Времени было более чем достаточно, чтобы поговорить вволю. Хотя почтовый поезд, делая сорок миль в час, должен был добраться до Лондон-Бридж за пятнадцать минут, казалось, он никогда не доедет до станции!
Время тянулось так медленно, потому что даже единым словом не обменялись в пути капитан Майнард и ни один из его бывших знакомых!
Все они почувствовали себя свободными, когда показался перрон, давший им возможность избавиться от вынужденной компании с ним!
Джулия, возможно, была исключением. Она последняя из компании покинула вагон, в то время как Майнард, со своей стороны, все еще находился там.
Казалось, она специально задержалась, в надежде на то, что разговор все же состоится.
Слова «это бессердечно, жестоко!» уже готовы были сорваться с ее уст, но чувство гордости остановило ее, и она быстро выскочила из вагона, чтобы избежать унижения.
Майнард также был близок к тому, чтобы заговорить. И он также подавил свое желание — гордостью, но не бессердечностью!
Он наблюдал за ними, как они шли по перрону. Он видел, как к ним присоединились двое джентльменов — один из них сделал это украдкой, как будто не желал, чтобы его заметили.
Он знал, что скрывающимся господином был Свинтон, и знал, почему он не желает попадаться Майнарду на глаза.
Майнарда более не волновали ни действия этого господина, ни — тем более — его компания. Единственной реакцией Майнарда были слова:
— Странно, что в каждом неприятном эпизоде в моей судьбе я встречаю эту компанию — в Ньюпорте, в Париже — и вот теперь, в Лондоне, когда мое несчастье велико как никогда!
Он продолжал размышлять над этим совпадением, пока железнодорожный носильщик без особой учтивости запихнул его самого и его чемодан в кэб.

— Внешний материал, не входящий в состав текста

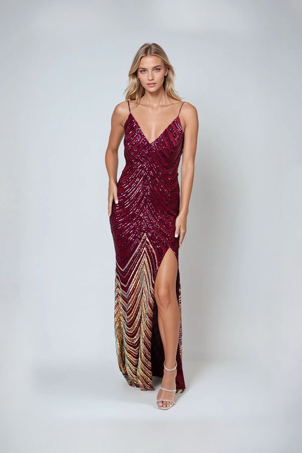 Moonlit Daze Ombré Sequin Maxi Dress - Maroon
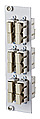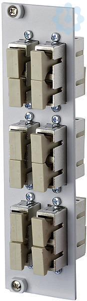 Frontplatte 3HE/7TE mit 6 SC-D Kupplungen, Führungshülse aus Keramik geschlitzt für Singlemode und Multimode Anwendungen, geeignet für den Einbau in OpDAT REGpro und OpDAT REG S, Stahlblech pulverbeschichtet, grau, Varianten: bestückt mit SC-D-Kupplungen jeweils metallisch oder blau (OS2), violett (OM4), aqua (OM3), beige (OM2) oder grün (OS2 APC)
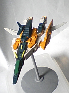 今日はキュリオスとヴァーチェを紹介しますだ!!皆様が見慣れているキュリオスの飛行形態です。上半身だけ変形とかできるんですね・・・一応シールドとライフルが付属。裏から。身がぎっしり詰まってる感じ。なんか海老っぽい。変形機構は確かに、新鮮ですね。オレンジがいい色合いです。オレンジ・・・・ジェミリア・・・んで、MS形態がこちら。かなりかっこいいです。この弾ではイチオシですね。サーベルの構えが決まったポーズです。とんがりくちばし。ガンダムヴァーチェ。バズーカが付属しないのが辛いですが、GNキャノン発射形態が再現されてます。ちなみに、発射時には砲身が伸び、上部カバーが上にスライドします。足横のパーツはGN粒子発生装置です。この装置が各部にあるおかげで、ビームバリアがはれます。今日はここまで。次回はティエレンで行こうかな?小隊が編成できました。
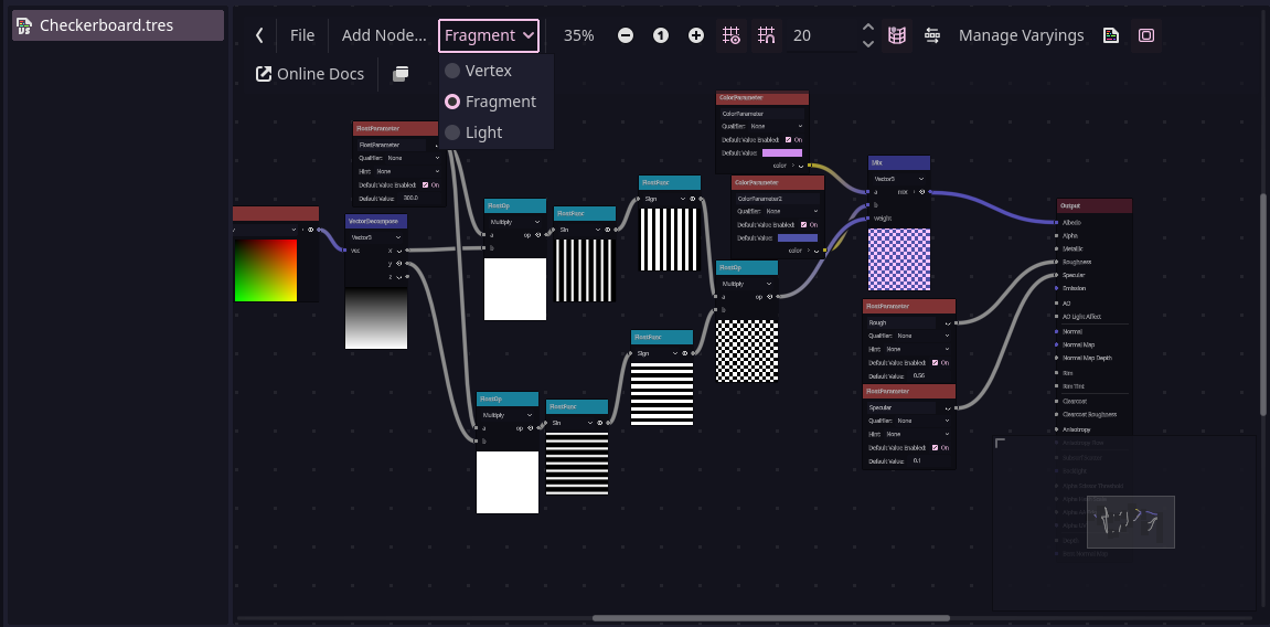I went back today to do some more work and upon loading the project discovered that the shader graph is completely empty except for the default “output” node. Interesting, however, is that the shader I made still exists in the resource list, it’s still used as the material on the sprite, and it still functions in the test scene. Even more interesting is that when I click the button to view the generated code, it generates the code completely, as if the nodes were still there, however the graph is completely empty as I said, other than the default “output” node.
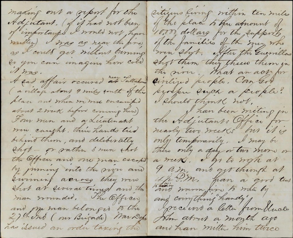 I traveled all day on the 4th and guarded prisoners at night. We started out on the second and was gone four days. Was ordered out again on the 8th. A good portion of the regiment went. I fixed to go and did not get my horse shod in time. They started in the morning that evening. I was called for a surprise scout. There was one lieutenant and twenty-two men of us. We started about dusk. We rode the most of the night. About ten the next day we ran afoul of a squad of guerrillas. We captured one and killed one. The one we killed shot ten times at us. We was mounted and he was afoot. We halted him and he would not stop. I and one other fired our carbines at him and he did not stop. We then three of us ran up onto him [and] he got behind a tree. All three of us fired at him and then I rode up [with]in about ten feet of him and demanded his arms. He said nothing but fired at me. He had before that fired some three or four shots at us. He fired one at me and I one at him when we was [with]in ten feet of each other. He shot a hole through my blouse sleeve. It knocked a piece of flesh off of my arm. By this time, I being on a very wild horse, the horse commenced jumping so I could not get a shot any more. The man next to me could not get his arms to go. The caps bursted. When he found out that his arms would not go, he got out as if there was a lot of varmints after him.
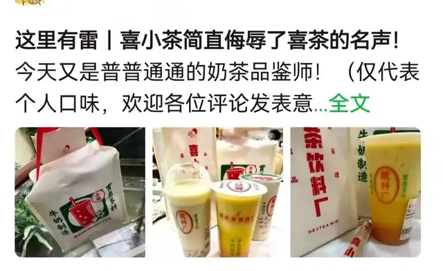 还有网友发现,喜小茶是有“奶精”的,因此吐槽:“与喜茶毫无关系,却偏要蹭喜茶的热度。”
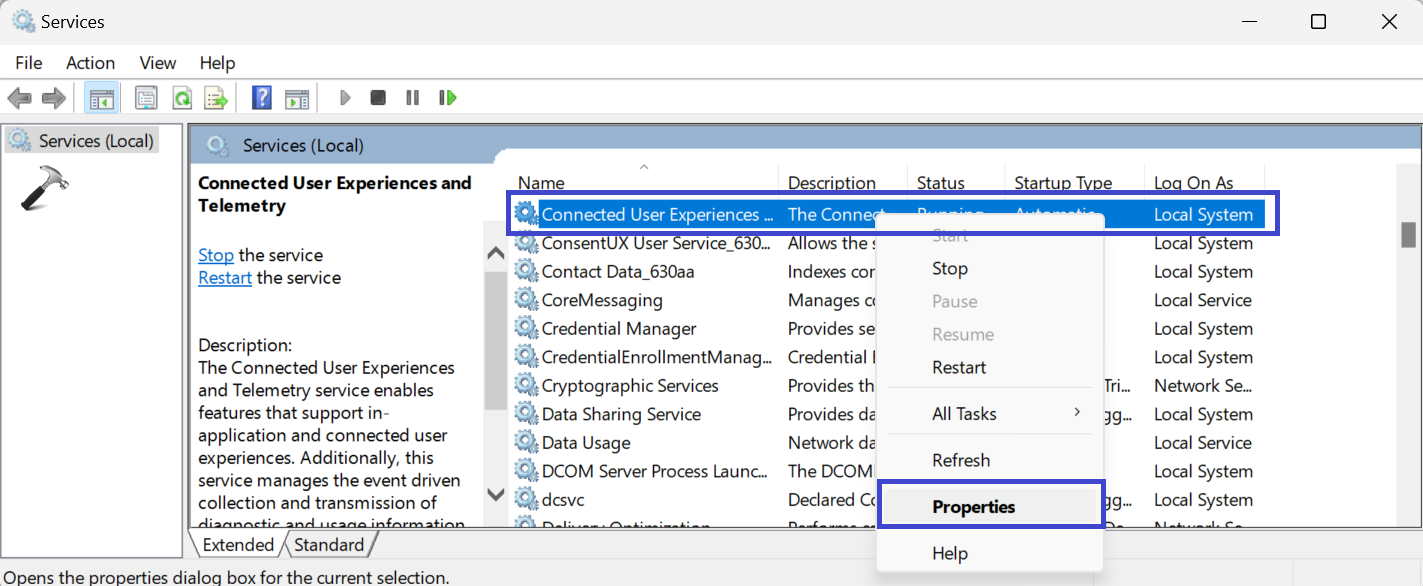 2. Kattintson duplán a „Csatlakozott felhasználói élmény és telemetria”Szolgáltatás.
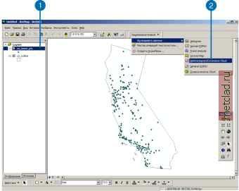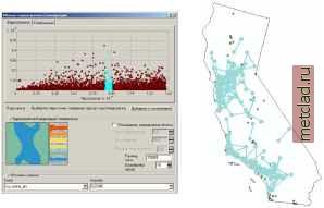 Главная --> Промиздат --> Интерполирование поверхности Изучение пространственной автокорреляции и вариации по направлениям Исследуя данные, вы получаете представление о пространственной корреляции между измеренными значениями. Такое понимание может бпть использовано для принятия более обоснован-нгх решений при выборе моделей при вхполнении пространственной интерполяции. Пространственная автокорреляция Вы можете исследовать пространственную корреляцию, которая существует в ваших даннгх, путем изучения различнхх пар опор-нгх точек. Облако вариограммы образуется при нанесении на график расстояний между двумя точками и величины половины квадрата разности между значениями в этих точках. Расстояние между точками откладывается по оси x, а половина квадрата разности значений точек - по оси y. Каждая точка на вариограмме соответствует паре опорнгх точек, а не индивидуальной точке на карте. Если данные являются пространственно зависимыми, пары точек, расположеннгх близко друг от друга (в начале оси x) должны иметь меньшие значения квадрата разности (располагаться в нижней части оси y). По мере того, как точки удаляются друг от друга (перемещение вправо по оси x), в целом, величина квадрата разности должна расти (перемещение вверх по оси y). Часто существует некое расстояние, за пределами которого квадрат разности остается примерно постояннхм. Считается, что точки, удаленные друг от друга на расстояние, большее этого некоего расстояния, не коррелируют друг с другом. Основным допущением для геостатистических методов является предположение, что любые две пары точек, расположенных на одинаковом расстоянии и в одинаковом направлении друг от друга, должны иметь похожие значения квадрата разности. Такая взаимосвязь носит название стационарности (см. Главу 3, Принципе! геостатистического анализа, и Главу 7, Использование аналитических инструментов при построении поверхностей). Пространственная корреляция может зависеть только от расстояния между двумя точками, что носит название изотропии. Одна- ко, возможно, что то же самое значение корреляции могут иметь точки, удаленные друг от друга на другое расстояние или точки, расположеннхе по-другому относительно друг друга в пространстве. Однако в действительности, может случиться так, что объекты, удаленные друг от друга на значительное расстояние в одном направлении, будут больше похожи между собой, чем объекты, расположенные ближе друг к другу в другом направлении. Такое влияние по направлениям видно на вариограммах и диаграммах ковариации и носит название анизотропии. Важно исследовать анизотропию, поскольку если вы обнаружите присутствие влияния по направлениям в корреляции, вы можете учесть их в моделях вариограммы и ковариации. Это, в свою очередь, влияет на геостатистический метод интерполяции. Исследование пространственной структуры с помощью инструмента Облако Вариограммы/ ковариации Инструмент Облако вариограммы/ковариации может бпть использован для изучения корреляции ваших данных. Рассмотрим набор даннгх со значениями концентрации озона. На следующем рисунке обратите внимание, что вы можете выбрать все пары точек, которые находятся на определенном расстоянии друг от друга, выделив их на вариограмме. ![]() Определение влияния по направлениям с помощью инструмента

Служащий не понял причины его витания в облаках и не сделал ему никакой скидки на это.
Захлопнутая с силой дверца напомнила Майнарду о его небрежности: он забыл дать носильщику чаевые!
ГЛАВА LXIII. «КАК ЭТО СЛАДКО, КАК СЛАДКО!»
Путешествуя в кэбе, Майнард благополучно добрался до своего дома рядом с Портмэн Сквер.
Благодаря тому, что у него был свой ключ, он вошел в дом, не побеспокоив хозяйку.
Хотя он был у себя дома, и кровать словно приглашала его задремать, уснуть он не мог. Всю ночь напролет он пролежал на ней без сна, думая о Бланш Вернон.
Встреча с Джулией Гирдвуд, которая ехала рядом с ним в железнодорожном вагоне, отвлекла его на время, но все воспоминания, связанные с ней, исчезли, как только они расстались, так и не заговорив друг с другом.
Джулия покинула вагон, и мысли Майнарда вернулись к дочери баронета, к ее прекрасному облику, с розовыми щеками и золотистыми волосами.
Непредвиденное осложнение было очень неприятно, и он сожалел, что так вышло. Но все же, размышляя, он чувствовал себя не несчастным, а лишь не полностью счастливым. И как могло быть иначе после тех нежных слов, все еще звучавших в его ушах, после того, как он получил этот листок бумаги, который он снова достал и перечитал при свете лампы?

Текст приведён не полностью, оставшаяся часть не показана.